Task instructions:
Repeat each record below exactly, dropping the pictures.

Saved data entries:
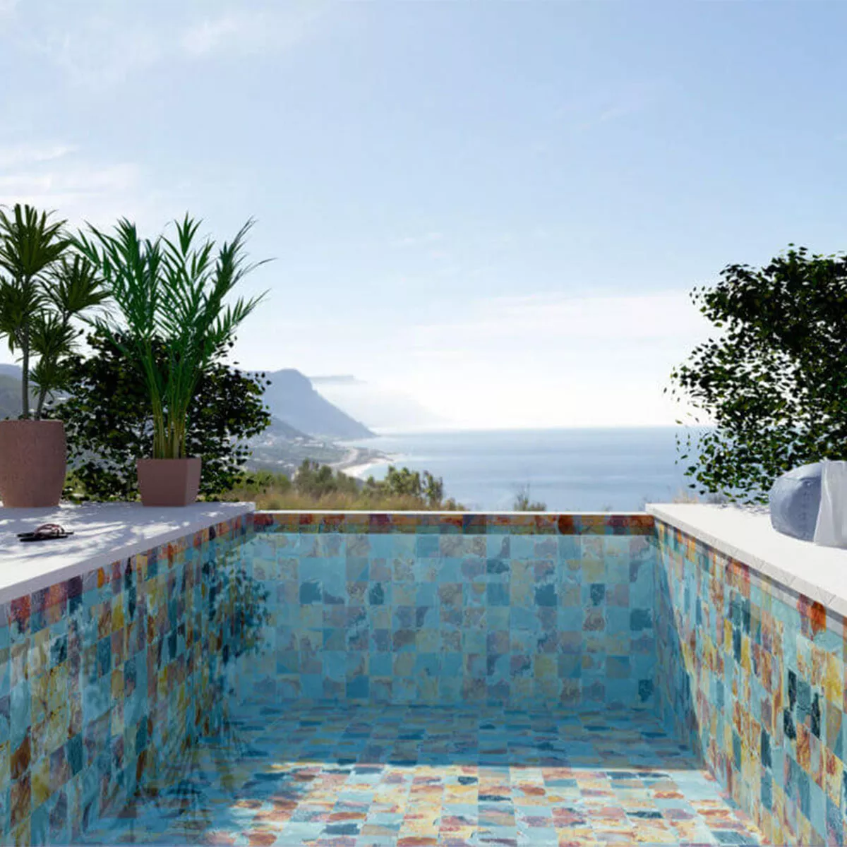 Verwandeln Sie Ihren Pool oder Wohnbereich in ein stilvolles Refugium mit den Feinsteinzeug Schwimmbad Pool Fliesen Muskat. Diese langlebigen und vielseitigen Fliesen sind die perfekte Wahl für alle, die Wert auf Qualität und Design legen.
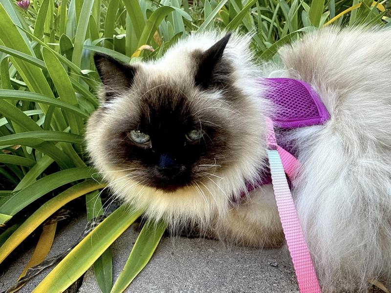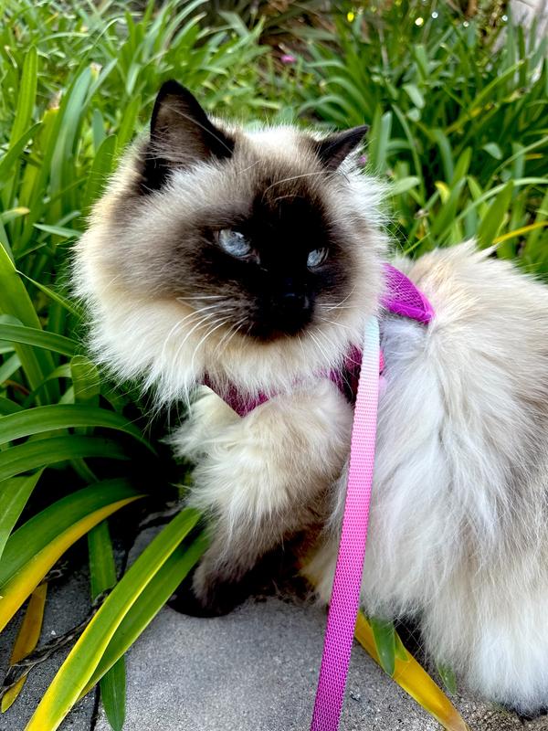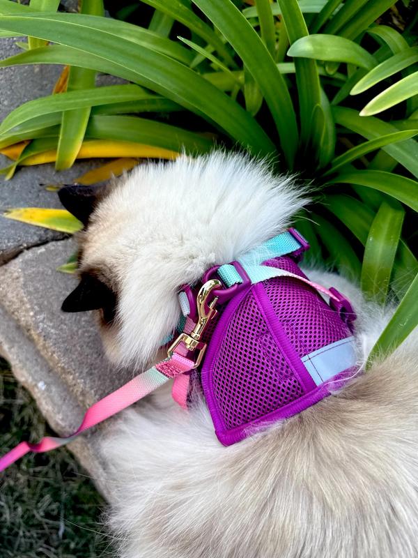 I am beyond impressed with this Pink Papyrus cat harness! The purple color is even more stunning in person, rich, vibrant, and seriously beautiful. It fits my cat comfortably and securely without restricting movement, and the breathable material keeps her cool even on longer outings. I especially love the built in spot for an Apple AirTag, it gives me so much peace of mind knowing I can track her just in case. The reflective strips are a huge bonus for visibility, and overall the quality feels very well made and thoughtfully designed. Best part, it comes with a matching leash!! Stylish, safe, and comfortable! This harness and leash set checks every single box.
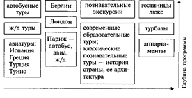Предложение туроператоров отличается по ширине и глубине их рабочей программы. Широкое предложение охватывает множество разнообразных видов путешествий — например, отдых на побережье моря, экскурсионные и образовательные поездки, знакомство с городами. Предложение туроператора считается более глубоким, если для каждого вида путешествий предлагается большой выбор разнообразных продуктов (рис.8).
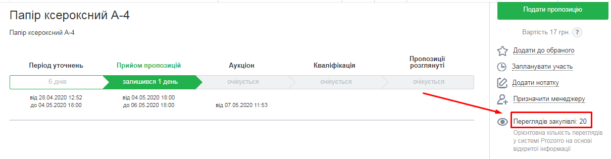 Наприклад, в одній закупівлі паперу 20 переглядів:
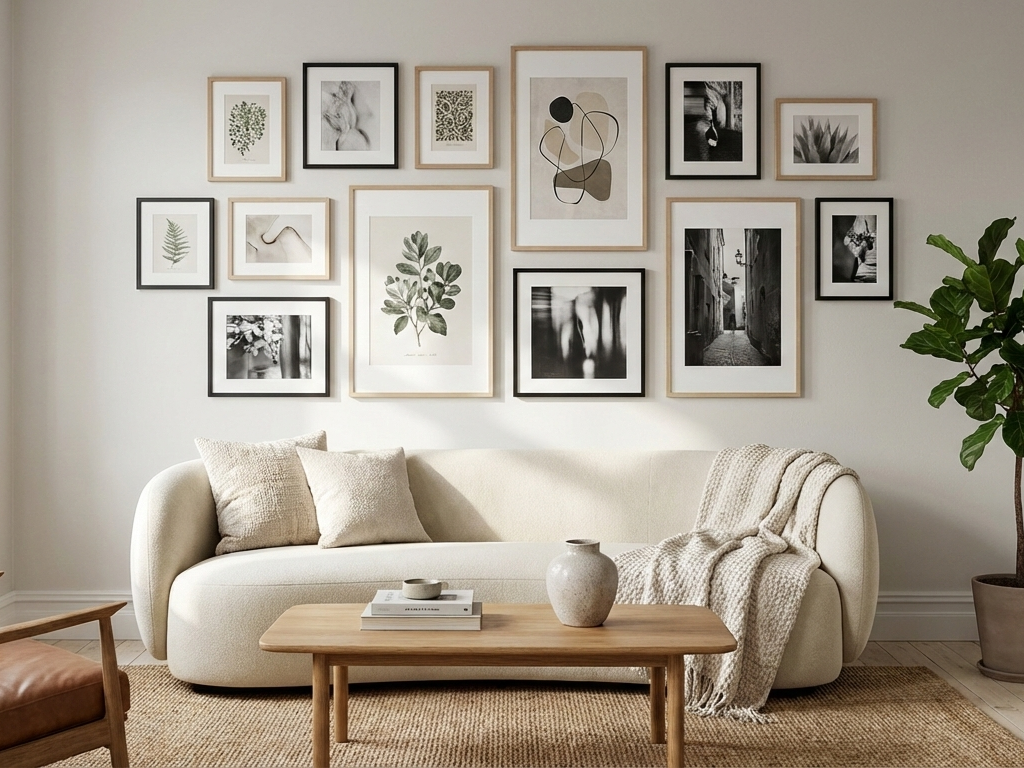 Transform empty walls into a statement feature. We design and install gallery walls with perfect spacing and visual flow, bringing personality and structure to your space.

Problem solution:
 Verwandeln Sie Ihren Pool oder Wohnbereich in ein stilvolles Refugium mit den Feinsteinzeug Schwimmbad Pool Fliesen Muskat. Diese langlebigen und vielseitigen Fliesen sind die perfekte Wahl für alle, die Wert auf Qualität und Design legen.
 I am beyond impressed with this Pink Papyrus cat harness! The purple color is even more stunning in person, rich, vibrant, and seriously beautiful. It fits my cat comfortably and securely without restricting movement, and the breathable material keeps her cool even on longer outings. I especially love the built in spot for an Apple AirTag, it gives me so much peace of mind knowing I can track her just in case. The reflective strips are a huge bonus for visibility, and overall the quality feels very well made and thoughtfully designed. Best part, it comes with a matching leash!! Stylish, safe, and comfortable! This harness and leash set checks every single box.
Предложение туроператоров отличается по ширине и глубине их рабочей программы. Широкое предложение охватывает множество разнообразных видов путешествий — например, отдых на побережье моря, экскурсионные и образовательные поездки, знакомство с городами. Предложение туроператора считается более глубоким, если для каждого вида путешествий предлагается большой выбор разнообразных продуктов (рис.8).
 Наприклад, в одній закупівлі паперу 20 переглядів:
 Transform empty walls into a statement feature. We design and install gallery walls with perfect spacing and visual flow, bringing personality and structure to your space.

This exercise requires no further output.